<p>I made a stupid mistake on 1c and i wanna kick myself for not checking over it or else i woulda caught it..should only be 1 pt tho...</p>
<p>2a, what do you mean by straightforward?</p>
<p>I confirm everything else.</p>
<p>it was just the integral of the line from 0 to 18...pretty basic...use calc</p>
<h1>3</h1>
<p>A)
g = 16
g' = 0
g'' = -2</p>
<p>then
B) i got neither cause my slope was -2</p>
<p>C) then i gpt G(10) = 15</p>
<p>and G(108) = y-2 = 224 (x-108)</p>
<p>i think i got b and c wrong but any one for A?</p>
<p>got owned by 3, missed 1 on number 1, missed 3 on number 5</p>
<p>hugh, the slope at x=108 was 3, not 224. Remember that the graph is a period, so it repeats?</p>
<p>I thought the slope was 2... I believe I got y = 2x-296 or something, but I am pretty sure I messed it up.</p>
<p>yah i bit the bullet on #3 b and c</p>
<p>how bout a though</p>
<p>yeah two that's what I meant.</p>
<p>108 is 21 times of 0 and three remaining, so the slope is the same as on x=3.</p>
<p>so no one for question 3 part a?</p>
<p>3a.</p>
<p>g(4)=3
g'(4)=0
g''(4)=-2</p>
<p>Also 3b is a relative minimum, not neither.</p>
<p>if I got 38/45 MC and say 34/54 FR, will that be a 5?</p>
<p>
[quote]
3a.</p>
<p>g(4)=3
g'(4)=0
g''(4)=-2</p>
<p>
[/quote]
</p>
<p>Yep. :)</p>
<p>I worked hard in Calc this year but did not do too much real practice beyond doing/looking through no more than two MC practice tests in my AP book.

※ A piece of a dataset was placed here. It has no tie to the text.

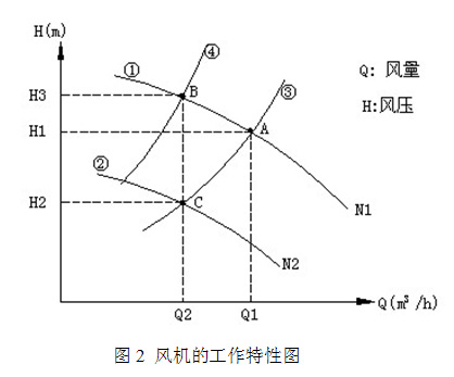 曲線①為風(fēng)機(jī)按轉(zhuǎn)速N1工作時(shí)的特性曲線,曲線②為風(fēng)機(jī)按轉(zhuǎn)速N2工作時(shí)的特性曲線,③④為風(fēng)道阻力曲線。
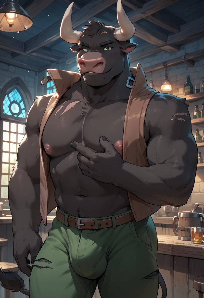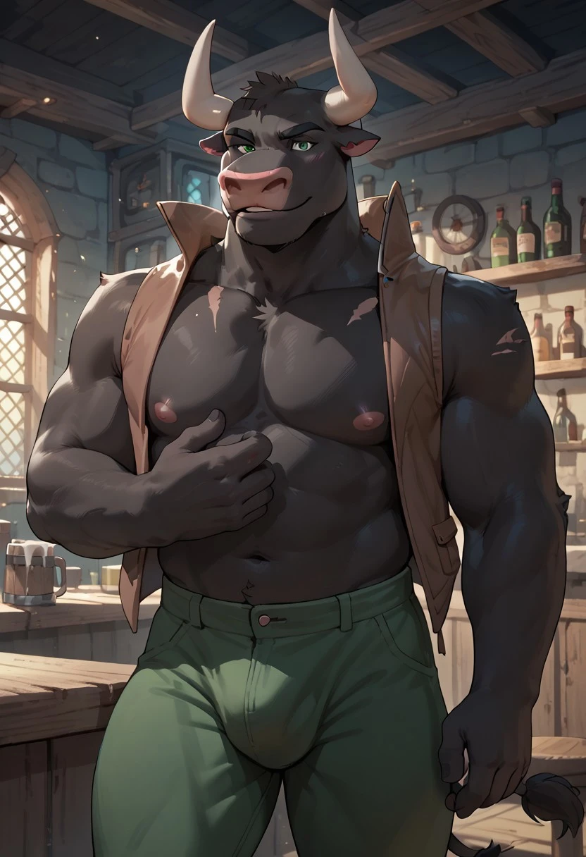Reinforcement tags: green pants, brown vest, dark brown belt, green eyes, pants down, flaccid ????, ????? cock

I've read through this entire board and although feeling down immediately following the test, today I feel pretty confident. Did not get all the MC or FR, and did not think that it was easy.. though overall it could have been much worse.</p>
<p>I'm convinced I would've been close to perfect if I had even studied one hour more the day before. But oh well.</p>
<p>Don't remember problems anymore, and have no motivation to look through FR questions again at the moment. Will contribute tomorrow.</p>
<p>Yeah I got what you got, giants.</p>
<p>crosscurrent yes thats a 5 with room to spare if you did that well on the MC.</p>
<p>how did u get that for a) i got a+2</p>
<p>How did you guys do the THE DIFFERENTIAL EQUATION QUESTION!!!</p>
<p>Omg, everyone I asked said they ended up with a LINEAR equation, I being ONE OF THEM...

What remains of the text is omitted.